Source material —
━━━━━━━━━━

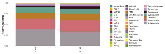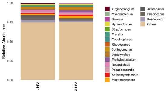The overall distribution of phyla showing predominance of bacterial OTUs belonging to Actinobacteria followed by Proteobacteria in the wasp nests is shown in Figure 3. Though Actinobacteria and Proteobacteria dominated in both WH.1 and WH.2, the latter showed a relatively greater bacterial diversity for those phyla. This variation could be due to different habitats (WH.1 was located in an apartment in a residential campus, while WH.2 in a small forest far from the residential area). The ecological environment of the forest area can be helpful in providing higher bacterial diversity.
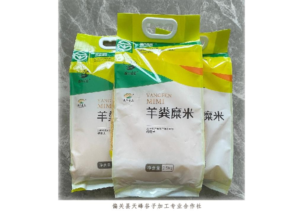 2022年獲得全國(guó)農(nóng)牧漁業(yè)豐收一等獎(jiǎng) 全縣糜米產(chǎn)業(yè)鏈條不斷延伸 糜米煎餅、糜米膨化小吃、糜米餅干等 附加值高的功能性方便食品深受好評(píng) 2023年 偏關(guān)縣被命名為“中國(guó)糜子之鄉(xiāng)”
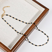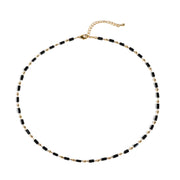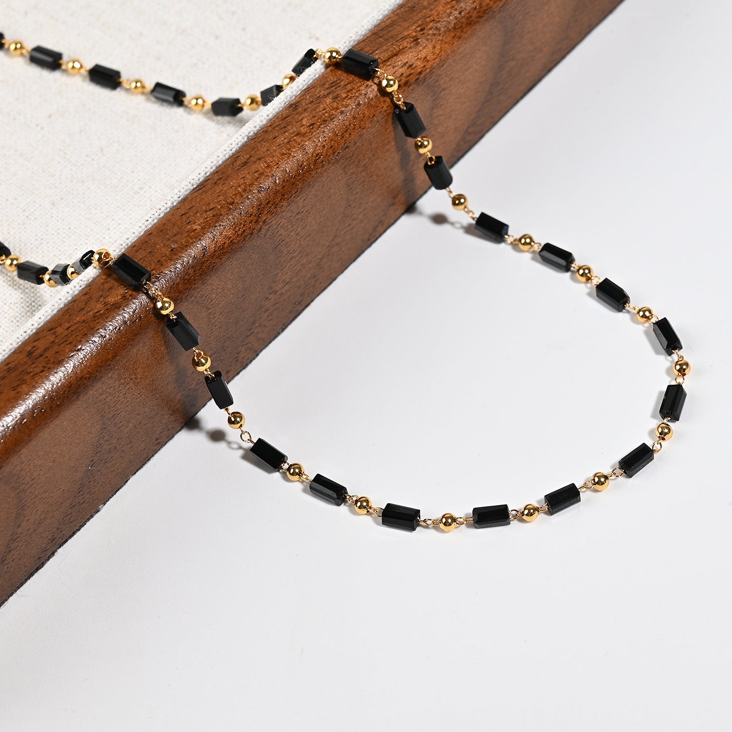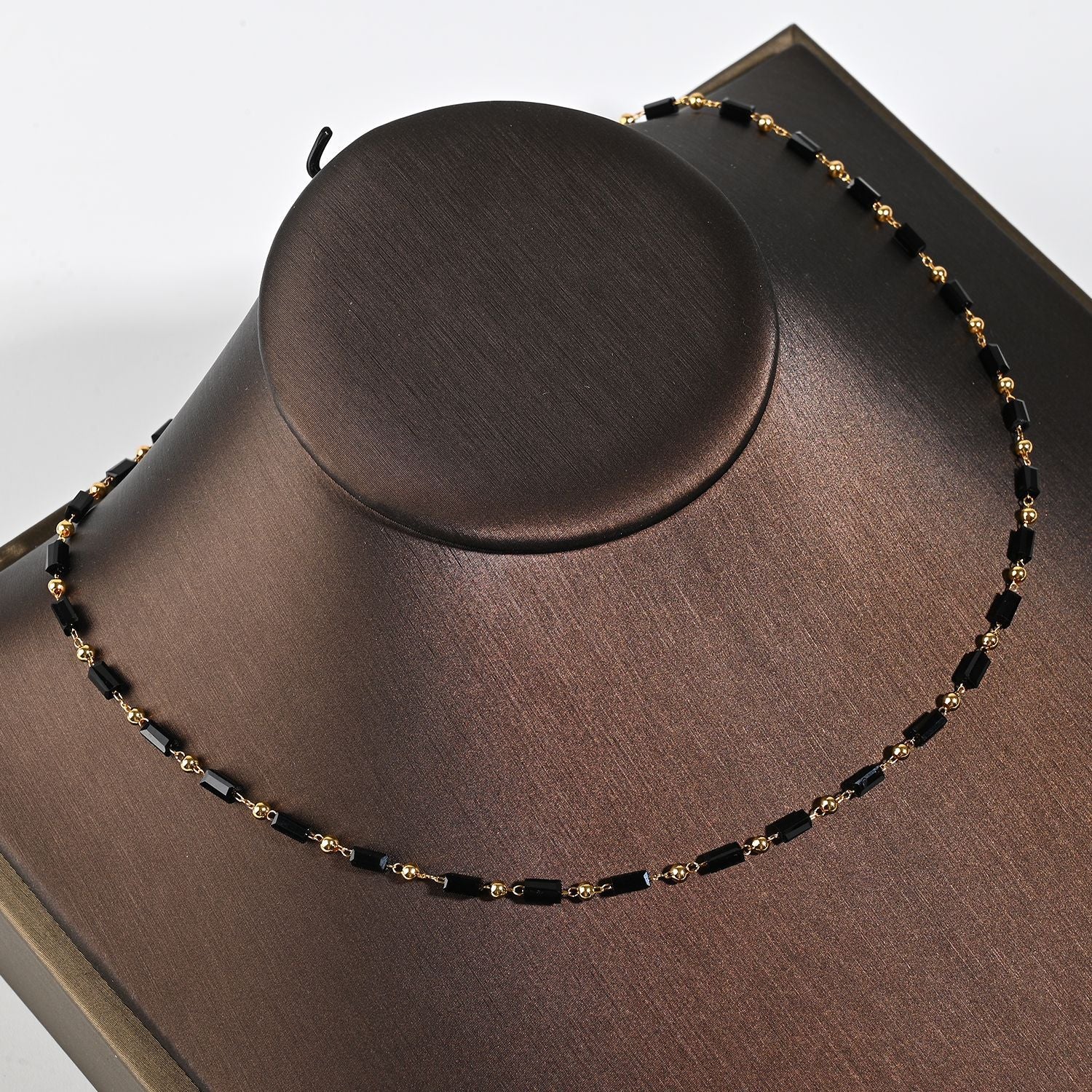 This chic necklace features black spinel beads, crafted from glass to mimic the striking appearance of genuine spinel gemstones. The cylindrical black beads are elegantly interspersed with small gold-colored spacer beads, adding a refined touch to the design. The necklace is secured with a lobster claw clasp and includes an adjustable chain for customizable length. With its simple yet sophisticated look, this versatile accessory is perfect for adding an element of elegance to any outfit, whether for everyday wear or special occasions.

━━━━━━━━━━

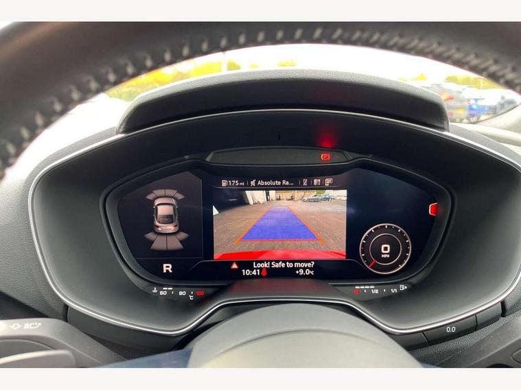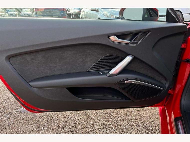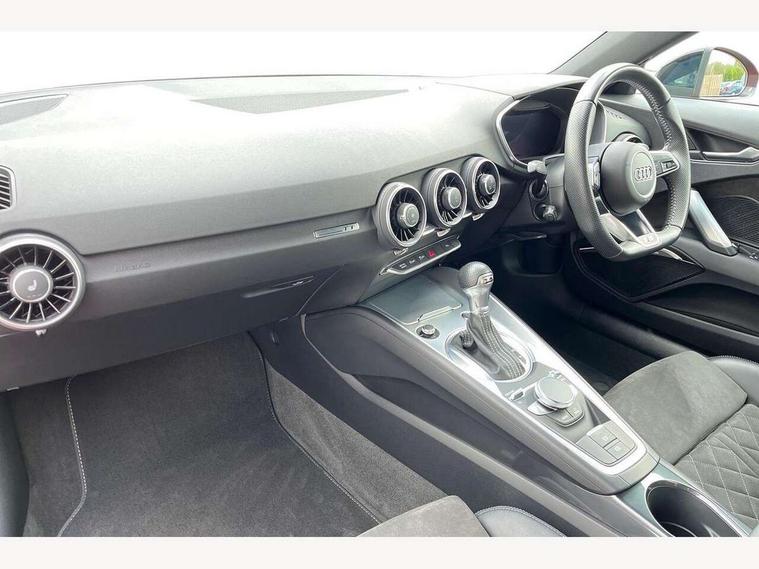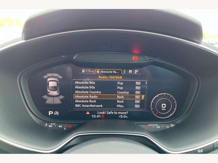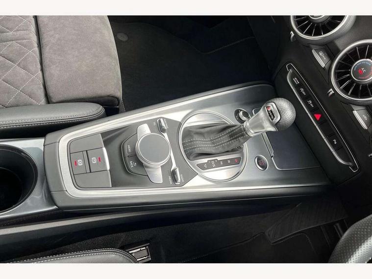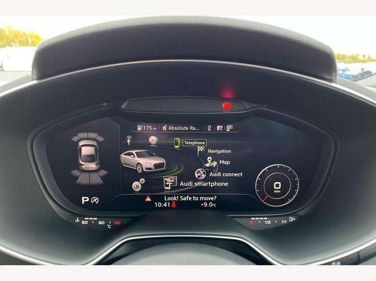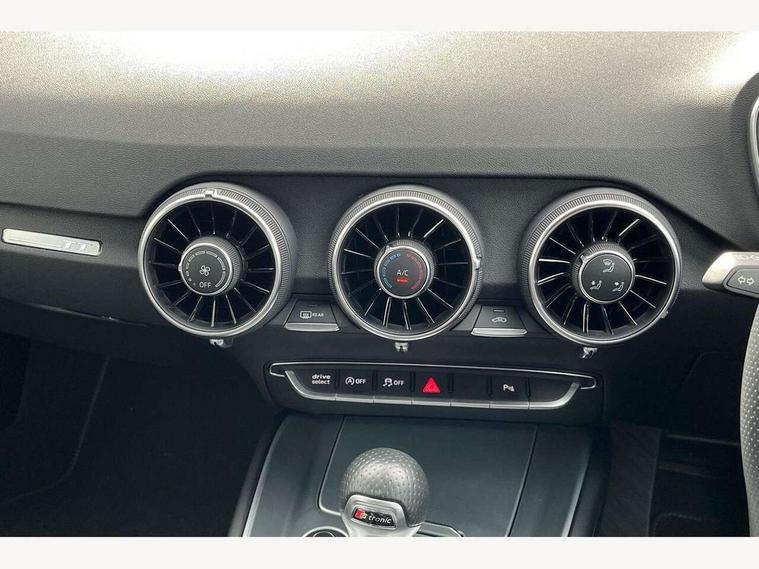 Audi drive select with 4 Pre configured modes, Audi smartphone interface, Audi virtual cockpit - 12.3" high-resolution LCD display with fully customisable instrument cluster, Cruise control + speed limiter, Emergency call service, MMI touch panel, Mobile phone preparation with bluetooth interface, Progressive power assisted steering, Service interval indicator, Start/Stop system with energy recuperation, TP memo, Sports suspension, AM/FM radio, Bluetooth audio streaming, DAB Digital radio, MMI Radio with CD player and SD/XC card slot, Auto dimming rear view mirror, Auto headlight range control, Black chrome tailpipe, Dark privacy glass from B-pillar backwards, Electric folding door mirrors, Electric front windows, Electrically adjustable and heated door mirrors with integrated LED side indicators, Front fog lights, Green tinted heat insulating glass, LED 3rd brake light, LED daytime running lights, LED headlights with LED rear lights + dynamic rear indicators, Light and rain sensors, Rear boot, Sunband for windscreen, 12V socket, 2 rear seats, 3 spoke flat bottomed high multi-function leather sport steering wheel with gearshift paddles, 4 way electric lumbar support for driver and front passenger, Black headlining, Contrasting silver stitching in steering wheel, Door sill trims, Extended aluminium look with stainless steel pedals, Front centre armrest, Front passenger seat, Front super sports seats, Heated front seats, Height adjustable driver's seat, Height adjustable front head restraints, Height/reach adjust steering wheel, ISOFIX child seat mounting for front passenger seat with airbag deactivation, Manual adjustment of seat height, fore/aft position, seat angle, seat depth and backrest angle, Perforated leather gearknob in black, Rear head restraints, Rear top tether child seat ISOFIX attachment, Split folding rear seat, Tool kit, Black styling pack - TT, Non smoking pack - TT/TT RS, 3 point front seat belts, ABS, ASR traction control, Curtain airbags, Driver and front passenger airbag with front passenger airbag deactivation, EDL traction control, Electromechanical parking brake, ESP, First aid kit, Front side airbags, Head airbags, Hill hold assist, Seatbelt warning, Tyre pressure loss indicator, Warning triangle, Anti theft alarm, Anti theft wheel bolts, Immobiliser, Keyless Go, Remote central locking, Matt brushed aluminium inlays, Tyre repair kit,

━━━━━━━━━━

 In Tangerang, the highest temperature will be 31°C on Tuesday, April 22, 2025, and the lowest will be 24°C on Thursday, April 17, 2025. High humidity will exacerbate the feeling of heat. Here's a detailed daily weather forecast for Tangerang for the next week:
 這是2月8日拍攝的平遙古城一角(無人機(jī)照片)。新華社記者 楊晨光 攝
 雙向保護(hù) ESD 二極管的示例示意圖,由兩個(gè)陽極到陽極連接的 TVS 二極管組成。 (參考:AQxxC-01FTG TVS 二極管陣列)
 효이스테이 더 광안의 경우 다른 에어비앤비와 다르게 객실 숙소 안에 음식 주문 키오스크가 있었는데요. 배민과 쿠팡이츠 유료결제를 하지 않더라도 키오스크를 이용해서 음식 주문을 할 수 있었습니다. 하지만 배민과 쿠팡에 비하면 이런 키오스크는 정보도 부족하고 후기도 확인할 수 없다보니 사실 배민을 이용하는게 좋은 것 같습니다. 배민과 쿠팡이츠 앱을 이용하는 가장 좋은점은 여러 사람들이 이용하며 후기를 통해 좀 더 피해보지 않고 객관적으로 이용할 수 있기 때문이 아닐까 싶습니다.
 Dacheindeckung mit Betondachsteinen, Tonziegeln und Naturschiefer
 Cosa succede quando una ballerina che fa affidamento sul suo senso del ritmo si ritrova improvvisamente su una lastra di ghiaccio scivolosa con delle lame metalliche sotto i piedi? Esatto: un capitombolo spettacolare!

━━━━━━━━━━

Problem statement — Give back exactly the lines of the listing above that run from the line with "효이스테이 더 광안의" to the line with "Cosa succede quando", inclusive.

Finished exercise —
 효이스테이 더 광안의 경우 다른 에어비앤비와 다르게 객실 숙소 안에 음식 주문 키오스크가 있었는데요. 배민과 쿠팡이츠 유료결제를 하지 않더라도 키오스크를 이용해서 음식 주문을 할 수 있었습니다. 하지만 배민과 쿠팡에 비하면 이런 키오스크는 정보도 부족하고 후기도 확인할 수 없다보니 사실 배민을 이용하는게 좋은 것 같습니다. 배민과 쿠팡이츠 앱을 이용하는 가장 좋은점은 여러 사람들이 이용하며 후기를 통해 좀 더 피해보지 않고 객관적으로 이용할 수 있기 때문이 아닐까 싶습니다.
 Dacheindeckung mit Betondachsteinen, Tonziegeln und Naturschiefer
 Cosa succede quando una ballerina che fa affidamento sul suo senso del ritmo si ritrova improvvisamente su una lastra di ghiaccio scivolosa con delle lame metalliche sotto i piedi? Esatto: un capitombolo spettacolare!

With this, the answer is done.